EXTRACTED DATA:
• • • •

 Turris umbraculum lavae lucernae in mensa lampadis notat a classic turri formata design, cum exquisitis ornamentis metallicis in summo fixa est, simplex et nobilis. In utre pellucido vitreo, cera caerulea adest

• • • •

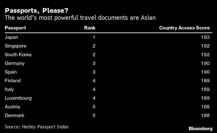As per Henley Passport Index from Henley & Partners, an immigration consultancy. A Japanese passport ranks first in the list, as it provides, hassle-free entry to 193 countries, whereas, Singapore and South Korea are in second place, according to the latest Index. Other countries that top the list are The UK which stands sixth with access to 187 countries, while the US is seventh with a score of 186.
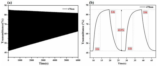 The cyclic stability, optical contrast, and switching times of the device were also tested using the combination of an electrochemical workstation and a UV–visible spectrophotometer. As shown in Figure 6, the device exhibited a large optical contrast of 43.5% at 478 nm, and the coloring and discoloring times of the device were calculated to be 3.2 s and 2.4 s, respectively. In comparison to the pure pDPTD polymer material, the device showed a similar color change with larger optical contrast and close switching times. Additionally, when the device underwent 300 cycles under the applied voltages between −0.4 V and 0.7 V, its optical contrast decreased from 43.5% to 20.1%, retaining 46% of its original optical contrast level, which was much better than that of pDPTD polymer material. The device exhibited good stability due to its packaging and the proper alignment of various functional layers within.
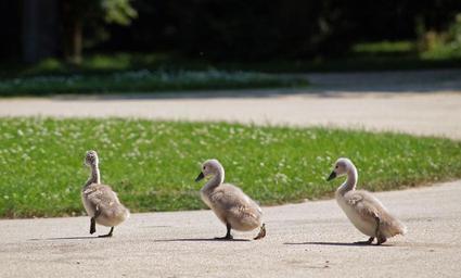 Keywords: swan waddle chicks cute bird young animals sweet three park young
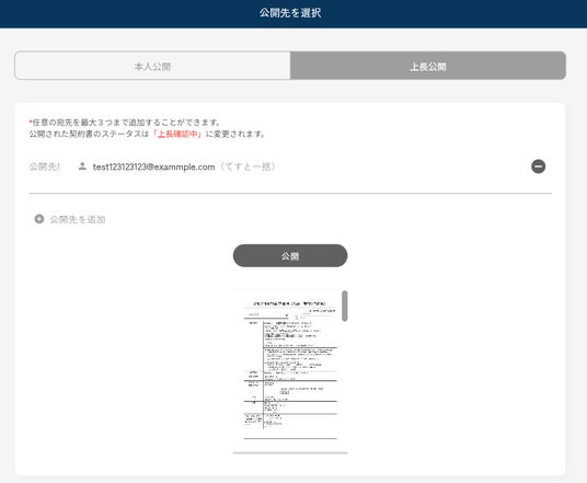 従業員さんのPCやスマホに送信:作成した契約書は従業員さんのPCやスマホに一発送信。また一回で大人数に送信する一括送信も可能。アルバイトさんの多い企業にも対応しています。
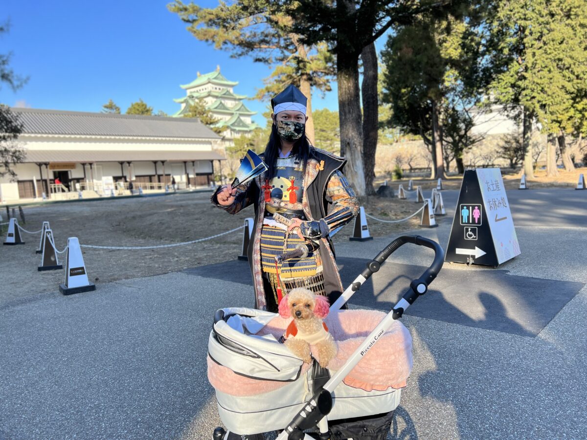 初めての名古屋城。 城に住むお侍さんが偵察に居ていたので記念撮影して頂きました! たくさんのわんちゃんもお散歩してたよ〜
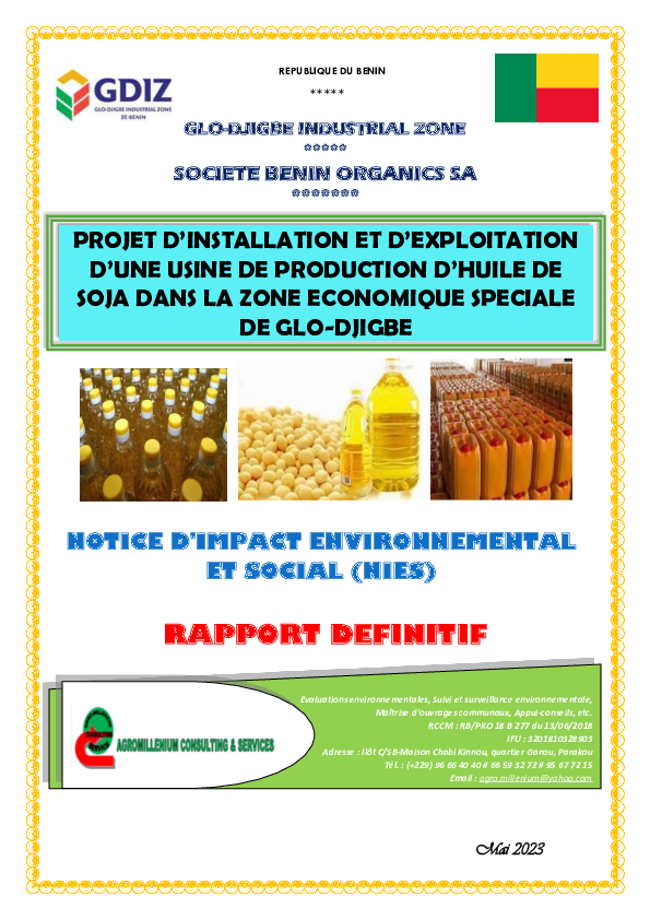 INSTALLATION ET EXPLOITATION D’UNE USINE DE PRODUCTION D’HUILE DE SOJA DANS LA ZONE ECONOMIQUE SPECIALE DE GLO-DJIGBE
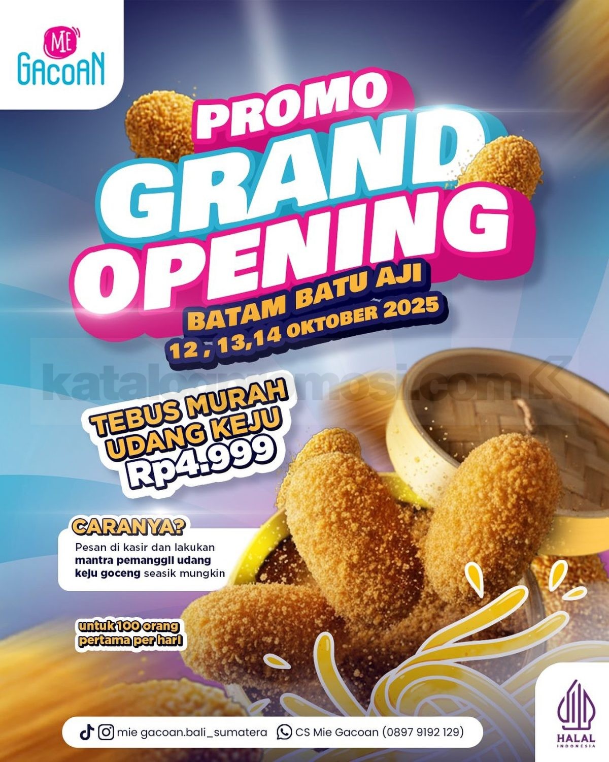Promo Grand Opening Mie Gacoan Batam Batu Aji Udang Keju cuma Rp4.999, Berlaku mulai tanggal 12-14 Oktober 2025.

• • • •

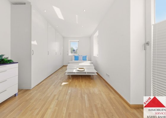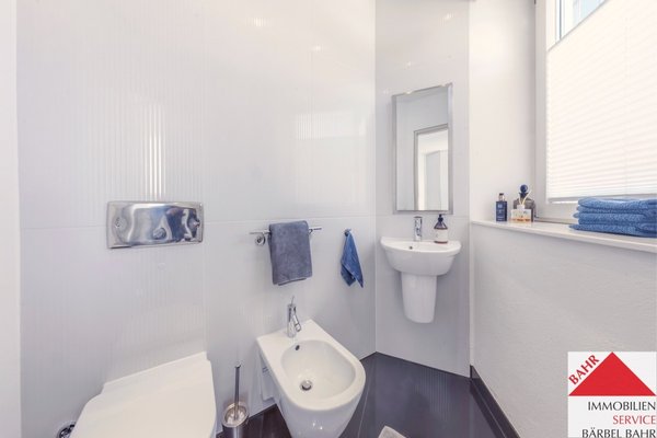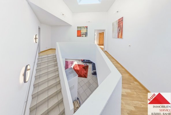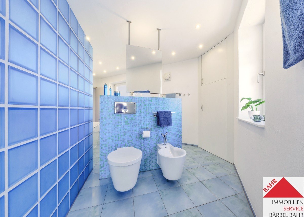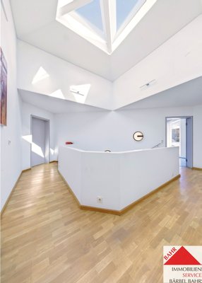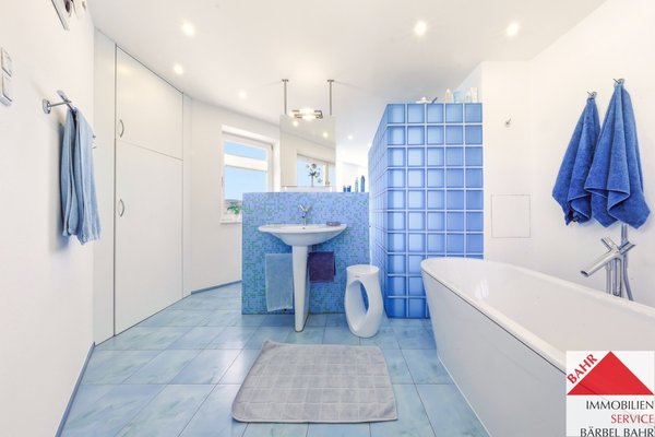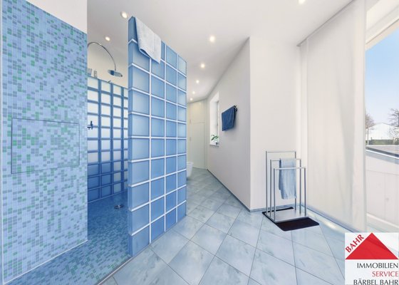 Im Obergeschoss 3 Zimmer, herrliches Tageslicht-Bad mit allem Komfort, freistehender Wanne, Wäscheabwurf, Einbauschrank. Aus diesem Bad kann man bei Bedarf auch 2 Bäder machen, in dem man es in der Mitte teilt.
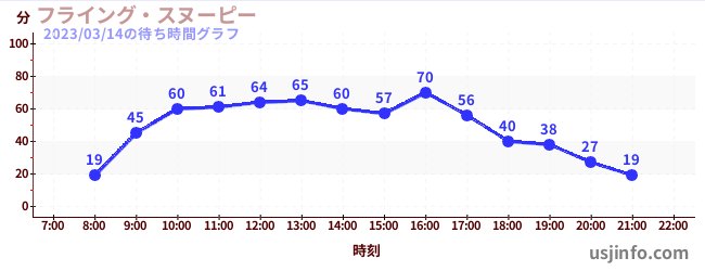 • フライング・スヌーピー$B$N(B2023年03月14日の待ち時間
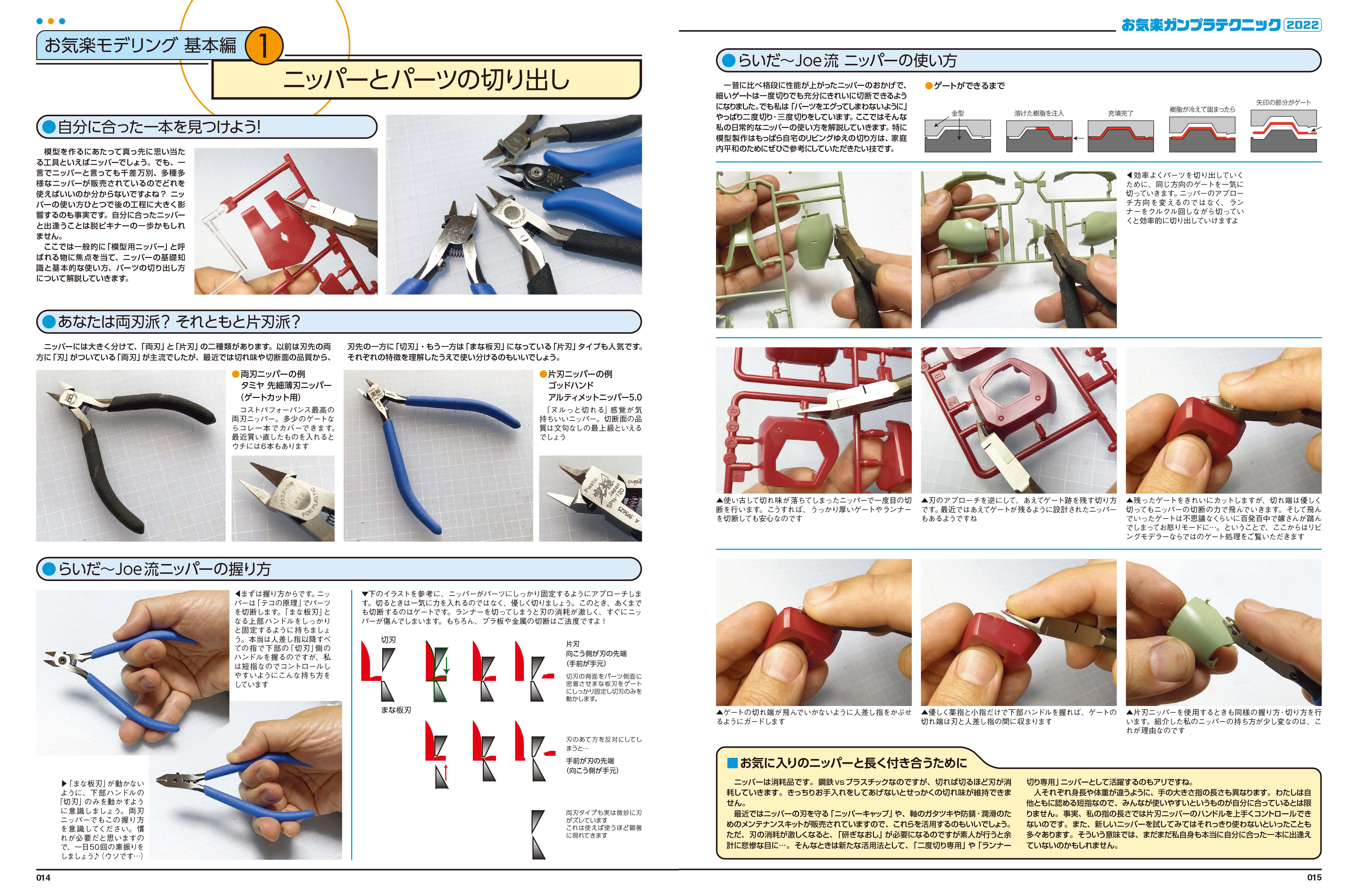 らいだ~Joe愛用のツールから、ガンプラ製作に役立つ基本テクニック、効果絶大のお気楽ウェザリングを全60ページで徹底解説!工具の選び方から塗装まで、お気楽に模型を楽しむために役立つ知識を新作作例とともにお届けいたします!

• • • •

REQUIRED ACTION:
Begin at the line in the entries above that has "Keywords: swan waddle", stop after the line that has "INSTALLATION ET EXPLOITATION", and output exactly those lines without pictures.

SOLUTION TO THE EXERCISE:
 Keywords: swan waddle chicks cute bird young animals sweet three park young
 従業員さんのPCやスマホに送信:作成した契約書は従業員さんのPCやスマホに一発送信。また一回で大人数に送信する一括送信も可能。アルバイトさんの多い企業にも対応しています。
 初めての名古屋城。 城に住むお侍さんが偵察に居ていたので記念撮影して頂きました! たくさんのわんちゃんもお散歩してたよ〜
 INSTALLATION ET EXPLOITATION D’UNE USINE DE PRODUCTION D’HUILE DE SOJA DANS LA ZONE ECONOMIQUE SPECIALE DE GLO-DJIGBE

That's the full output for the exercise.